*Task instructions*: Could you please write out each line of the records exactly, minus the pictures?

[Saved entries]
= = = =

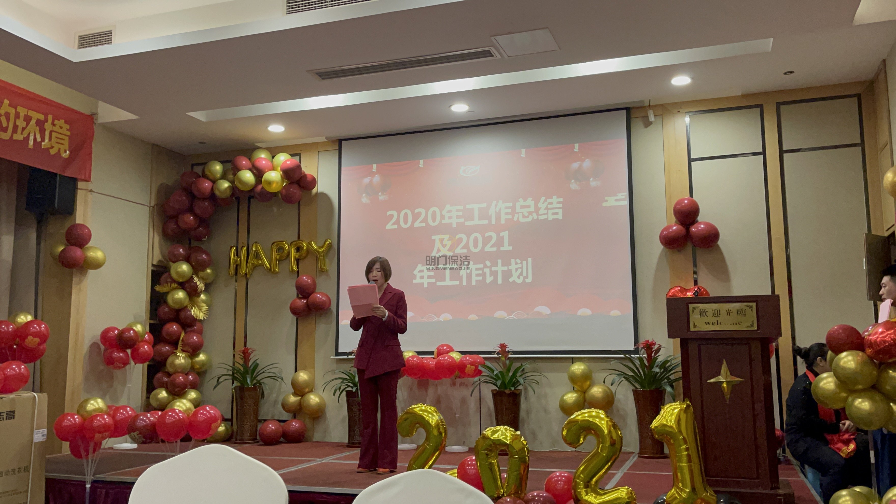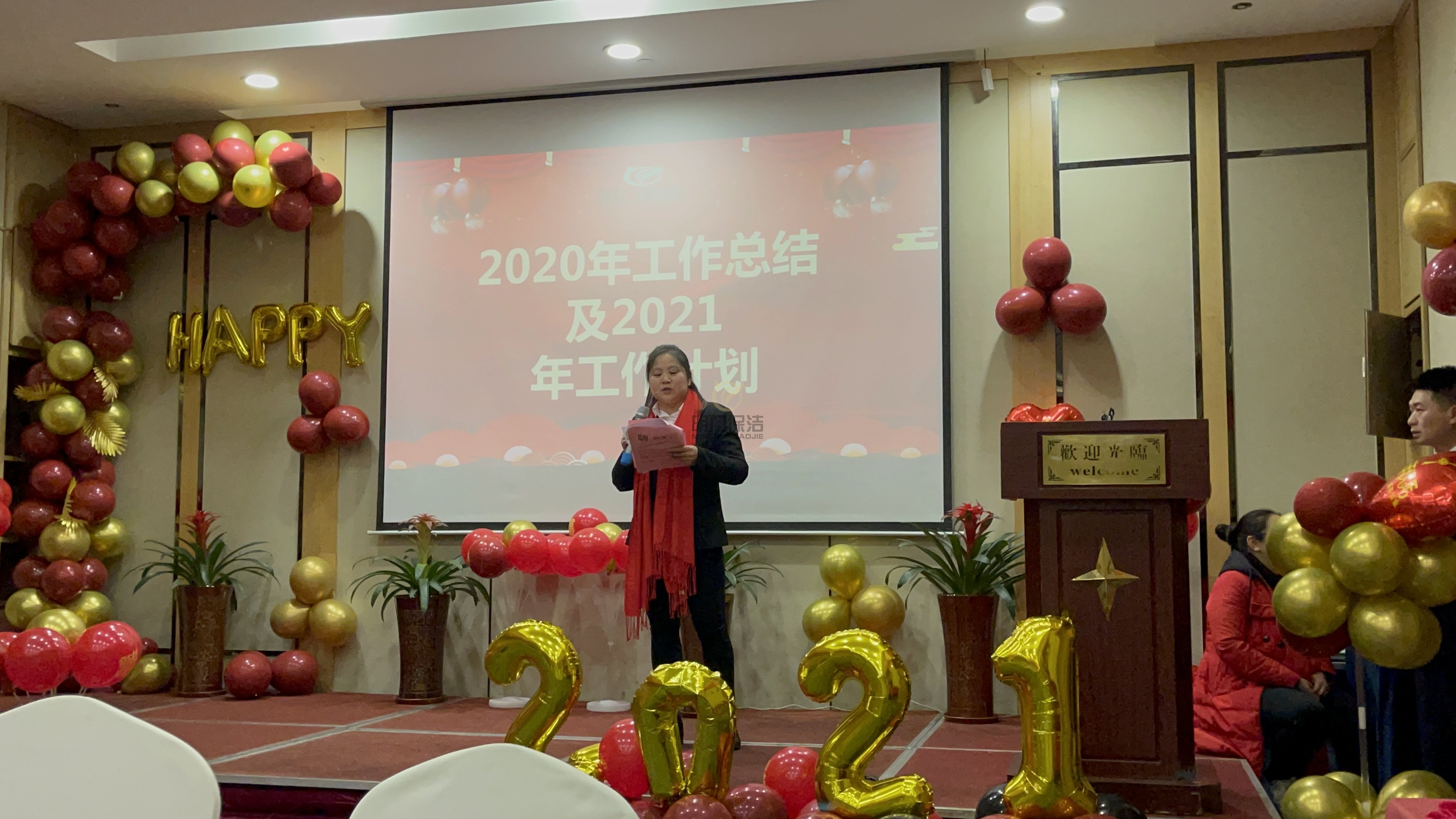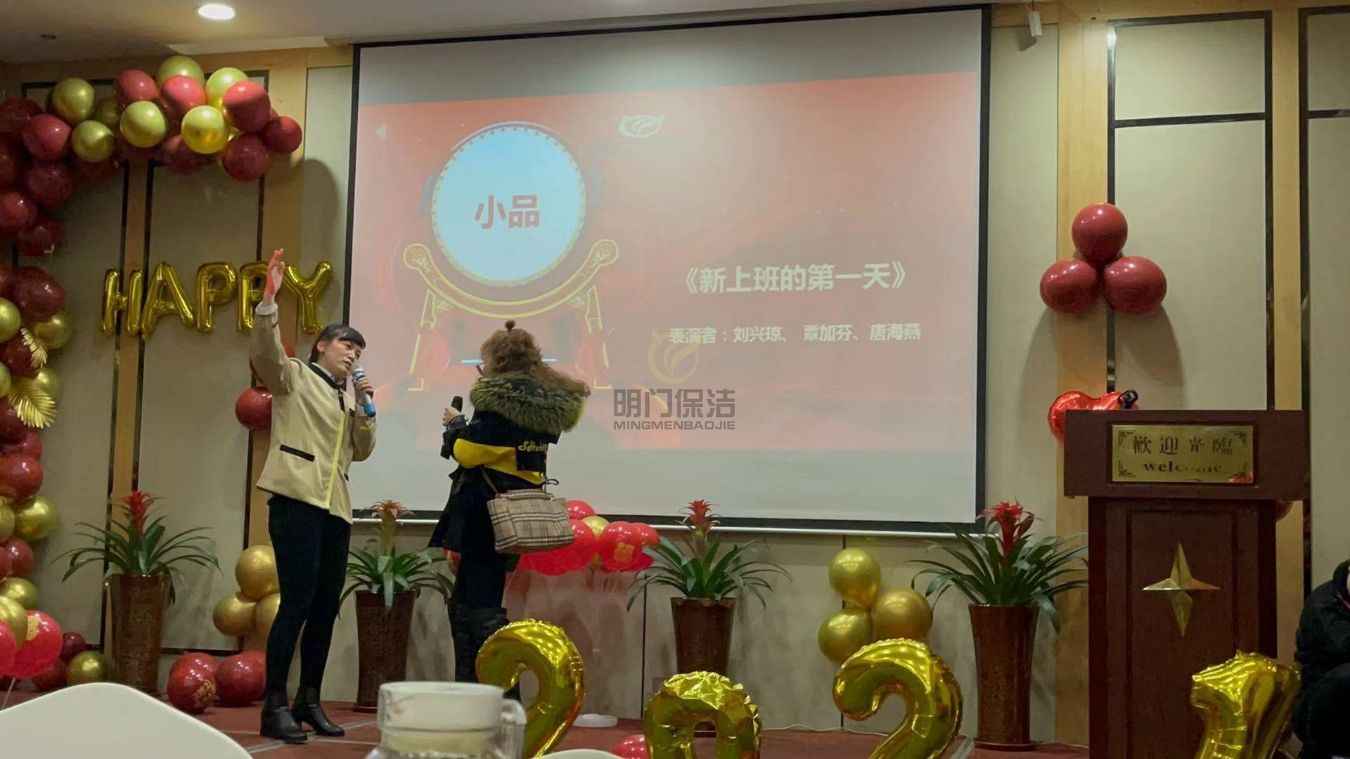 年会正式开始:主持人上台,总经理致开幕词
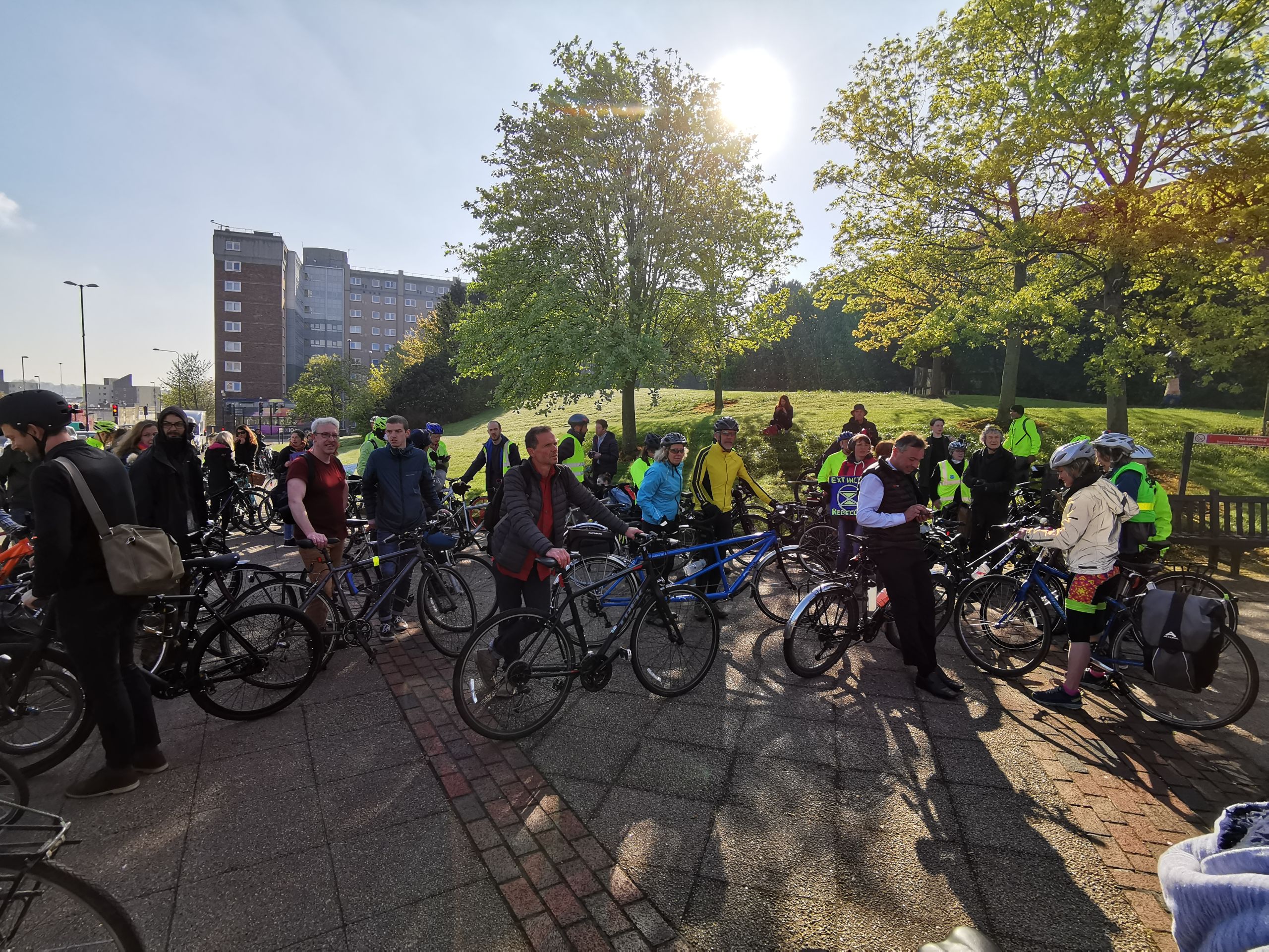 The 'Go Slow' cycle featured over 100 people either on bikes or walking alongside. The slow movement of the march was intended to slow down the traffic and to attract media and public attention. The group met outside Central Station at 7am before doing a few laps around the city to gather momentum, those on foot held placards and played music to cheer on their cycling comrades. The rally then made their way to Gateshead Civic Centre via the Tyne Bridge, everyone in bright spirits despite the early start. It was there that the group handed their demands to the council and put pressure on them to act now on climate change
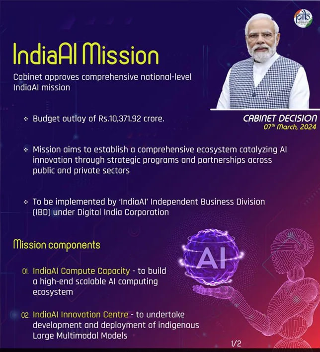 The Union Cabinet approved ₹10,372 crore for the IndiaAI Mission to boost AI application development in sectors like healthcare, expanding computing access, research, and startup support.
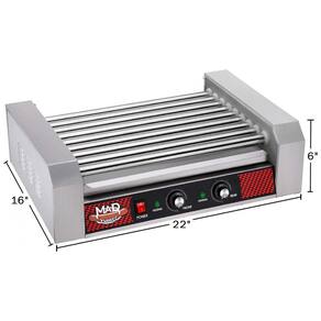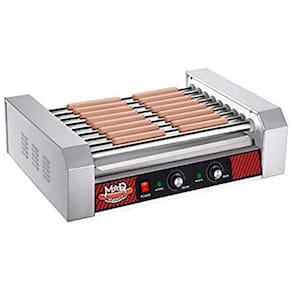 FAZ 24 CACHORROS QUENTES Com 9 rolos de aço inoxidável antiaderentes, você pode grelhar até 24 cachorros quentes de uma só vez. Este fogão elétrico possui um motor resistente que pode lidar com todos os tipos de carnes, como salsichas, pirralhos e até cachorros quentes congelados.\r\nZONAS DE TEMPERATURA DUPLA Esta panela de salsicha estilo rotisserie opera em 500 1800W e possui zonas de temperatura dupla para grelhar continuamente nos rolos traseiros, enquanto os rolos dianteiros mantêm os itens cozidos quentes e prontos para comer.\r\nBANDEJA DE GOTEJAMENTO Esta máquina de cachorro quente vem com uma bandeja de gotejamento removível de aço inoxidável, para que a limpeza seja fácil. Limpe os rolos após cada uso com água, mas nunca use produtos químicos agressivos ou palha de aço.\r\nFÁCIL DE USAR Basta ligar a máquina, colocar a carne nos rolos, definir a temperatura para cozinhar e você terá cachorros quentes macios, suculentos e estilo rotisserie prontos para servir em minutosTipo
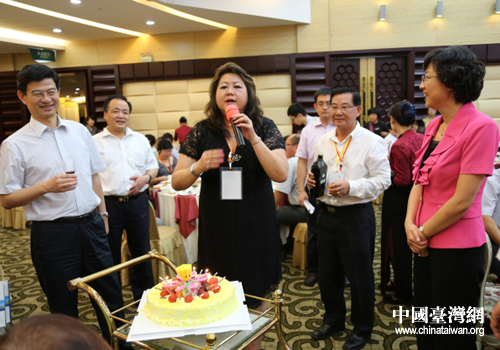 中國臺灣網9月6日威海消息 日前,威海市政府在抱海大酒店舉行盛大酒會,歡迎“2012海外臺商齊魯行”考察團一行。當威海市委副書記、市長張惠得知考察團成員、世界臺商總會非洲總會長孫宗美女士過生日時,特意安排制作了一個大蛋糕,把威海人民的祝福送到臺商心窩里,把宴會的氣氛推向了高潮。
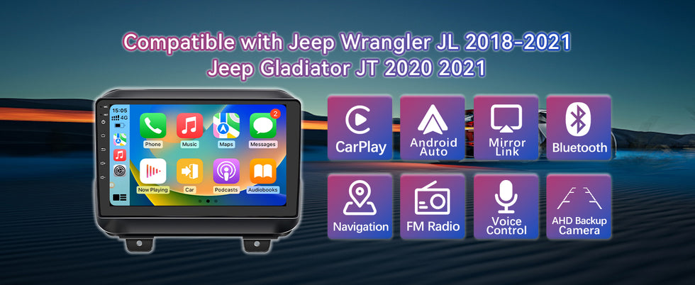 car stereo system, tailored exclusively Compatible with Jeep Wrangler JL (2018-2021) and Gladiator JT (2020-2021), boasts a user-centric interface and a streamlined installation process.

= = = =

*Exercise solution*:
 年会正式开始:主持人上台,总经理致开幕词
 The 'Go Slow' cycle featured over 100 people either on bikes or walking alongside. The slow movement of the march was intended to slow down the traffic and to attract media and public attention. The group met outside Central Station at 7am before doing a few laps around the city to gather momentum, those on foot held placards and played music to cheer on their cycling comrades. The rally then made their way to Gateshead Civic Centre via the Tyne Bridge, everyone in bright spirits despite the early start. It was there that the group handed their demands to the council and put pressure on them to act now on climate change
 The Union Cabinet approved ₹10,372 crore for the IndiaAI Mission to boost AI application development in sectors like healthcare, expanding computing access, research, and startup support.
 FAZ 24 CACHORROS QUENTES Com 9 rolos de aço inoxidável antiaderentes, você pode grelhar até 24 cachorros quentes de uma só vez. Este fogão elétrico possui um motor resistente que pode lidar com todos os tipos de carnes, como salsichas, pirralhos e até cachorros quentes congelados.\r\nZONAS DE TEMPERATURA DUPLA Esta panela de salsicha estilo rotisserie opera em 500 1800W e possui zonas de temperatura dupla para grelhar continuamente nos rolos traseiros, enquanto os rolos dianteiros mantêm os itens cozidos quentes e prontos para comer.\r\nBANDEJA DE GOTEJAMENTO Esta máquina de cachorro quente vem com uma bandeja de gotejamento removível de aço inoxidável, para que a limpeza seja fácil. Limpe os rolos após cada uso com água, mas nunca use produtos químicos agressivos ou palha de aço.\r\nFÁCIL DE USAR Basta ligar a máquina, colocar a carne nos rolos, definir a temperatura para cozinhar e você terá cachorros quentes macios, suculentos e estilo rotisserie prontos para servir em minutosTipo
 中國臺灣網9月6日威海消息 日前,威海市政府在抱海大酒店舉行盛大酒會,歡迎“2012海外臺商齊魯行”考察團一行。當威海市委副書記、市長張惠得知考察團成員、世界臺商總會非洲總會長孫宗美女士過生日時,特意安排制作了一個大蛋糕,把威海人民的祝福送到臺商心窩里,把宴會的氣氛推向了高潮。
 car stereo system, tailored exclusively Compatible with Jeep Wrangler JL (2018-2021) and Gladiator JT (2020-2021), boasts a user-centric interface and a streamlined installation process.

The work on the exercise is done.